There is also some truth in saying that all a computer does is read data from memory, perform calculations (add, multiply, etc.) on the data, and then write the results back to memory. Another thing a computer can do is test the data (that is, determine whether a number is zero and whether its sign is positive or negative) and then execute one of two alternative instruction streams based on the test results.

Six basic instructions

MOV A, B copies the value of B to A; LOAD A, B copies the value of memory unit B to register A (copies data from memory to CPU) STORE A, B copies the value of register B to memory unit A (copies data from CPU to memory); ADD A, b ADD A and B, save the result to A; (Covers all data processing instructions, such as subtraction, multiplication and even the instruction that returns the maximum value of A and B) BEQ Z If the last test result is TRUE, execute the code at address Z, otherwise continue.

A register is a storage unit inside a CPU that holds data. The clock provides the pulse flow, and all internal operations are triggered by the clock pulse. A register is a storage unit used to hold one unit of data or word data. A register is usually described in terms of the number of bits of data it holds, typically 8, 16, 32, and 64 bits. Registers are not fundamentally different from word storage units in memory. The actual difference is that the registers are inside the CPU and can be accessed much faster than memory outside the CPU.

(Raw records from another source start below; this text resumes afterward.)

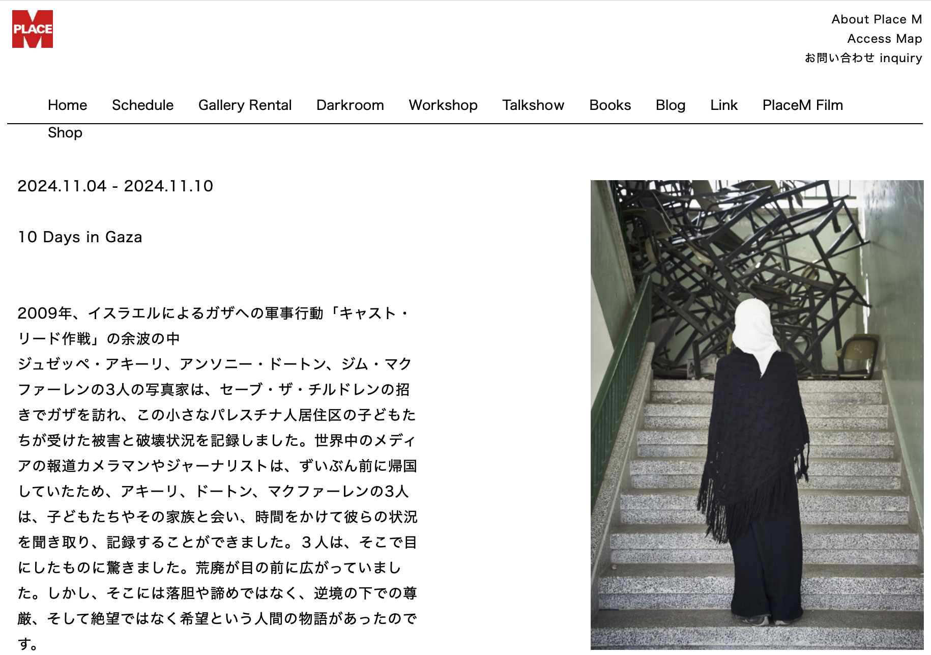 “Later in the year I was back in Tokyo for the Gaza exhibition in another gallery called Place M. It’s the oldest photo gallery in Tokyo, run by Masato Seto who founded it with Daido Moriyama. Again Ishikawa visited almost every day and he took me to the famous photographer’s bar in Golden Gai in Shinjuku, a tiny intimate place attended mostly by photographers. After too many drinks we struggled down the very steep narrow staircase onto the laneway below. These were the very steps that a drunk Masahisa Fukase fell down, resulting in his tragic slow and painful demise. His pictures of crows are unforgettable.”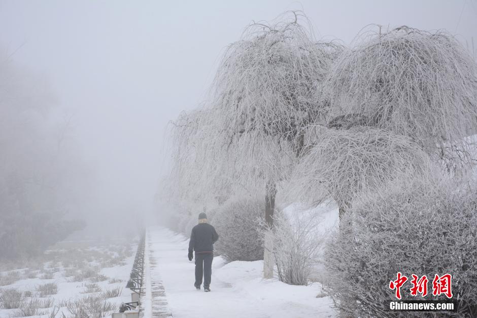 标题: 吉林松花江畔出现罕见三月春季雾凇景观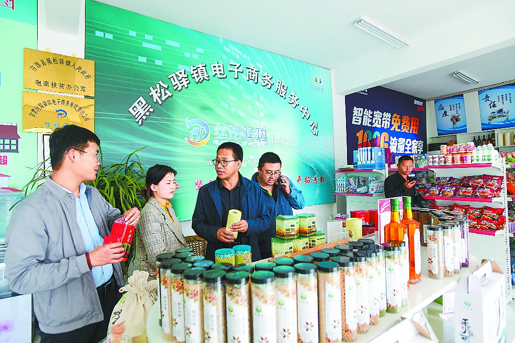 ????張開(kāi)青(中)在電商服務(wù)中心了解農(nóng)產(chǎn)品銷售情況。呂亞龍 攝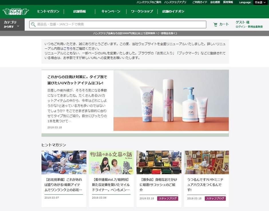 東急ハンズWEBサイト リニューアルのお知らせ ~楽しい暮らしのヒントを毎日お届け~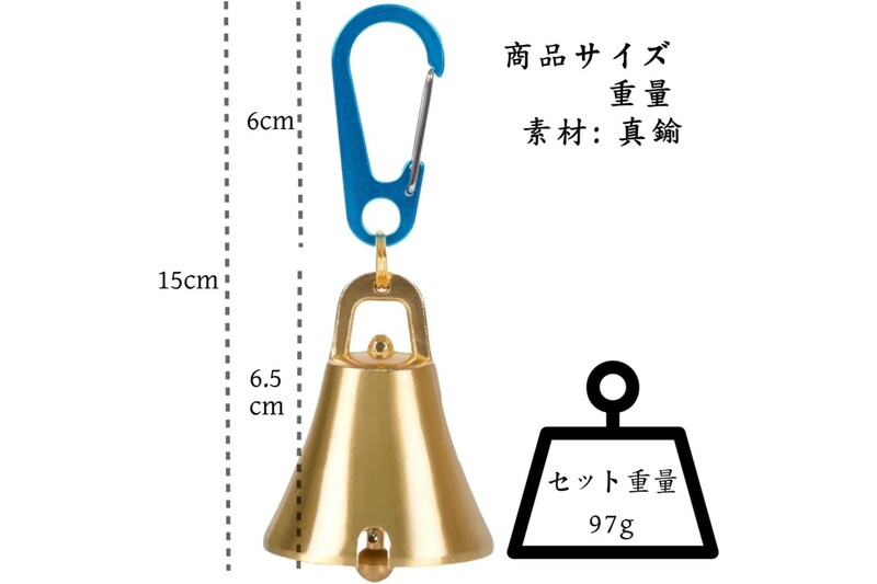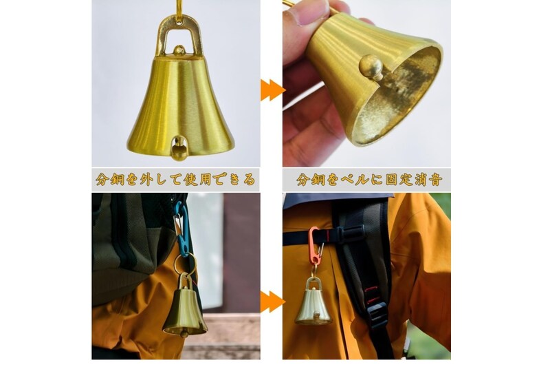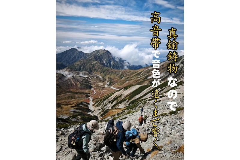 大型の真鍮製ボディによって、奥行きのある澄んだ音色を響かせ、周囲に自分の存在を知らせることで、クマなどの野生動物との遭遇を避けるために役立ちます。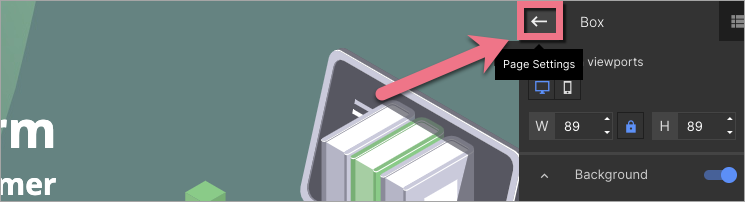 When editing, you can go back to Page Settings by clicking on the arrow:

The clock is used to generate a stream of regularly spaced electrical pulses for the wires. They are called clocks because these electrical pulses can be used to keep time or to determine the order of all the events in a computer. For example, a processor might execute a new instruction each time a touch pulse arrives. A clock can be defined by its repetition rate or frequency. Typical computer clock frequencies range from 1MHz to 4.5ghz. A clock can also be defined by the width or duration of the clock pulse, i.e. the reciprocal of the frequency (f= 1/T). For example, the duration of a 1 MHZ clock signal is 1μs, and the duration of a IGHz clock signal is 1 x 10-9s or LNS. A 5GHz clock signal has a period of 200ps (ps= picoseconds). Light travels about 2 inches in 200ps. Digital circuits whose events are triggered by the clock signal are said to be synchronous because they are synchronized by the clock signal. Some events are asynchronous because they can happen at any time. For example, if you move the mouse, it will send a signal to the computer. This is an asynchronous event. However, the computer can detect the state of the mouse at each clock pulse, which is a synchronous event.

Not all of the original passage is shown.